Natural and Man-Made Disasters,
The 1974 Super Outbreak was one of the most violent tornadic events on record in the United States. It spawned 148 tornadoes, the largest number of tornadoes ever produced by one storm system. Thirty of these tornadoes were classified as F4 or F5 on the Fujita-Pearson Scale (Fujita Scale).
Before this fourteen state rampage was finished, over 300 people had lost their lives in 48 killer tornadoes.
On the morning of April 3rd, an area of low pressure was located in central Kansas. A warm front extended east-northeastward through the lower Ohio River Valley. South of this front, extremely unstable air had gathered during the overnight hours and was rapidly spreading north.

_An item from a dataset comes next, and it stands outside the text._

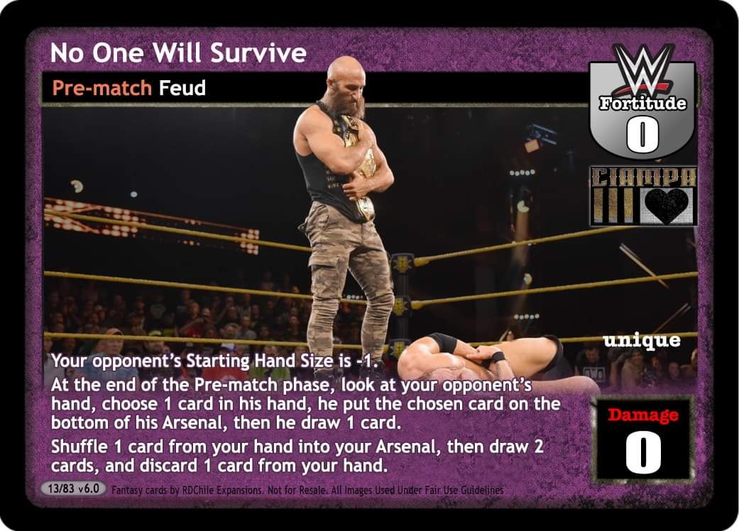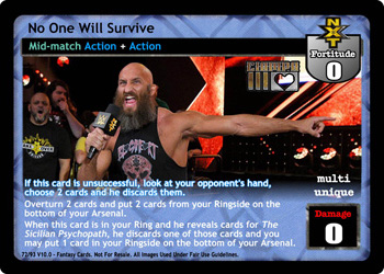 If this card is unsuccessful, look at your opponent's hand, choose 2 cards and he discards them. Overturn 2 cards and put 2 cards from your Ringside on the bottom of your Arsenal. When this card is in your Ring and he reveals cards for The Sicilian Psychopath, he discards one of those cards and you may put 1 card in your Ringside on the bottom of your Arsenal.

A cold front stretched from the area of low pressure south through Texas. At the upper levels of the atmosphere, a powerful trough was spreading strong winds aloft over much of the eastern half of the country.

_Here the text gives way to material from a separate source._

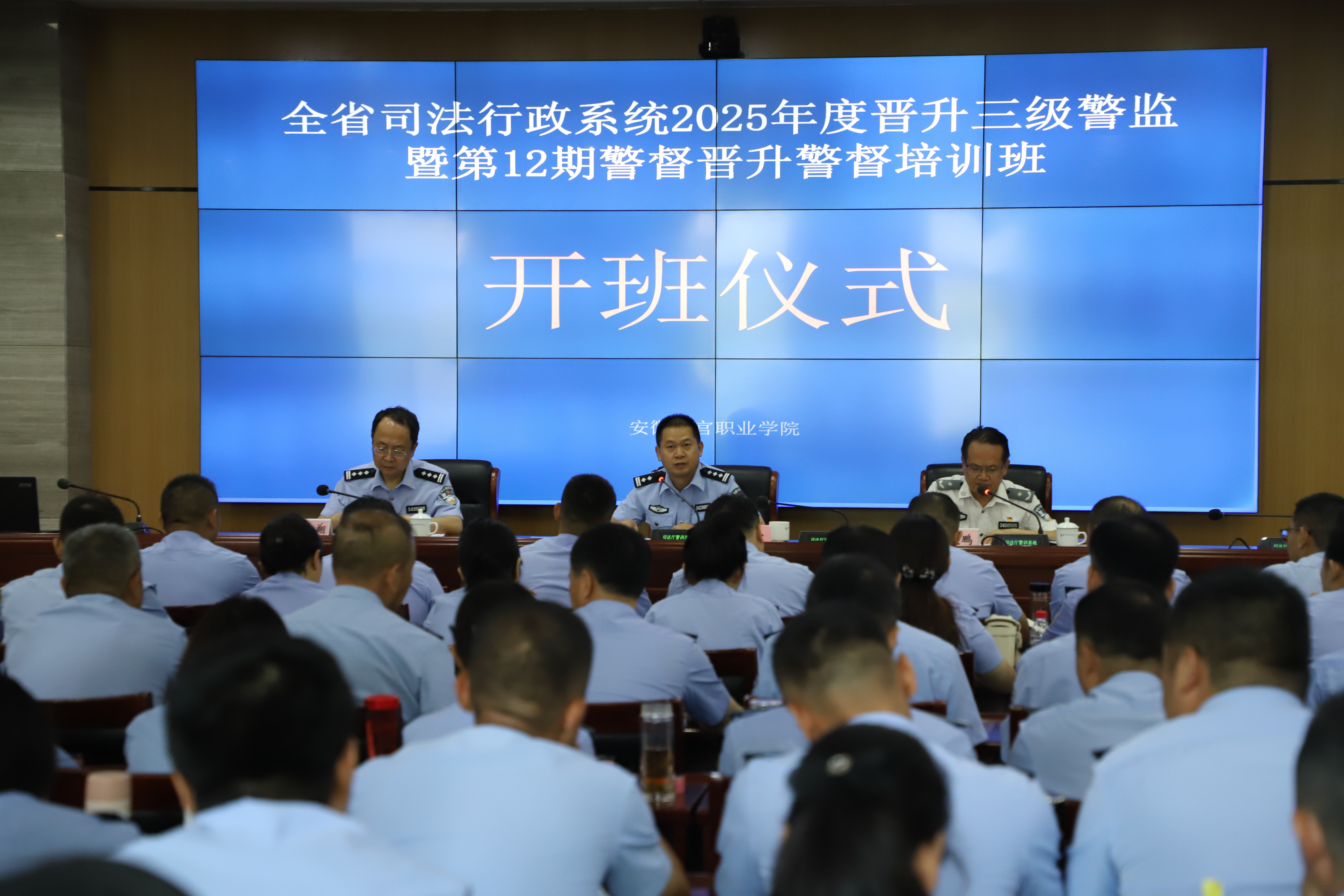 8月5日上午,全省司法行政系統(tǒng)2025年度晉升三級警監(jiān)暨第12期警督晉升警督培訓(xùn)班開班儀式在警官學(xué)院繼續(xù)教育學(xué)院多功能廳教室舉行。學(xué)院黨委副書記劉紹云出席并講話,繼續(xù)教育學(xué)院負(fù)責(zé)人、培訓(xùn)班全體學(xué)員參加儀式。

With the warm air in place and a cold front approaching, along with favorable upper air dynamics, intense thunderstorms developed rapidly in the afternoon of April 3rd. Those thunderstorms spawned nearly 150 tornadoes across parts of the Midwest, Ohio and Tennessee River Valleys and Southern states from the afternoon of the 3rd into the early morning hours of the 4th.

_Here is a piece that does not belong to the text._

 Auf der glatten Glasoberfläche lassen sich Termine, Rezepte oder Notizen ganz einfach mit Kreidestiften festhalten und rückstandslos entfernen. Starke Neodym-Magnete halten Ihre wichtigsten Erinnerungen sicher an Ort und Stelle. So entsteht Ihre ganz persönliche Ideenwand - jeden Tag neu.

An astonishing six F5 tornadoes were spawned. An F5 tornado hit Guin, Alabama, destroying the entire town and killing 20. Fortunately for Huntsville, Alabama, the tornado lifted back into clouds just before reaching the city limits.
Nearly 30 people perished in Brandenburg, Kentucky when another F5 tornado touched down, leaving the town in ruins. Over 300 homes were destroyed and over 2,100 were damaged by an F5 in Xenia, Ohio, which killed 34.